There are many considerations a potter must entertain while making pots for high-heat applications that include utility, cooking methods, ideas of local foods, international recipes, and tabletop culture.
This two-day hands-on workshop introduces participants to high-fire flameware for making flameproof cooking pots. The “flameproof” clay body is specially formulated to withstand thermal shock when in high-heat cooking environments – grill, broiler, pre-heated oven, wood-fire oven, stovetop, and more. We will explore the utilitarian necessities of a cooking pot used in these high-heat environments, and aesthetic considerations for a beautiful pot presented from the cooktop to the tabletop. Participants can expect to make a covered stovetop pot and an altered baking/roasting pot. Clay body, glazes, and appropriate firings for flameware will be discussed.
Demonstrations, hands-on work, and lively discussion will give students a solid foundation for working with flameware and ideas to take shape in the form of clay cooking pots for slow food & a healthy world. This workshop is designed for students with a solid foundation in wheel-forming.
Robbie Lobell is co-founder and co-owner of Cook on Clay. She is a full-time studio potter and educator living and working on Whidbey Island in the Pacific Northwest. Primarily self-taught, Robbie received continuing education through intensive study, residencies, and assistantships. She is a mentor and teacher in her Zakin Apprenticeship Program and demonstrates, lectures, and teaches throughout the country and beyond. For the past decade Robbie has focused her work on designing and producing flameproof cookware with a flameware recipe handed down to her by Karen Karnes.

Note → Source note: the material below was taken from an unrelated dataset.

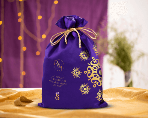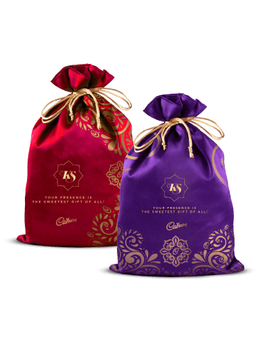 Read MoreA charming, hand-crafted satin potli adorned with intricate wedding motifs, crafted to carry a selection of Cadbury chocolates. In our Wedding Gifting designs, tradition merges with luxury and personalisation. While patterns signify auspicious beginnings, personalised insignias for the bride and groom make the design unique to their special day. This luxurious potli makes a thoughtful and memorable wedding keepsake for your beloved guests.
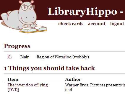 When using Firefox or Chrome, as soon as the page loaded, the user would see a list of cards that LibraryHippo was checking, complete with throbbers. As results came in, the matching progress line would disappear and other tables would fill in, holding the results – books that have to go back, holds ready for pickup, etc. I don't mind admitting that I was a little proud of my first foray into AJAXy web programming.

Lobell's pots reside in kitchens and on tables across North America and beyond. Her flameproof cookware is used by award winning chefs and featured in galleries and shows, gourmet food shops, and at culinary events. Robbie's work has been exhibited nationwide and written about in a number of ceramics books and ceramic and food publications. She is a member of NCECA, Slow Food International, American Ceramic Society, Whidbey Island Grown, Washington Ceramic Association, and on the Studio Potter Board of Directors.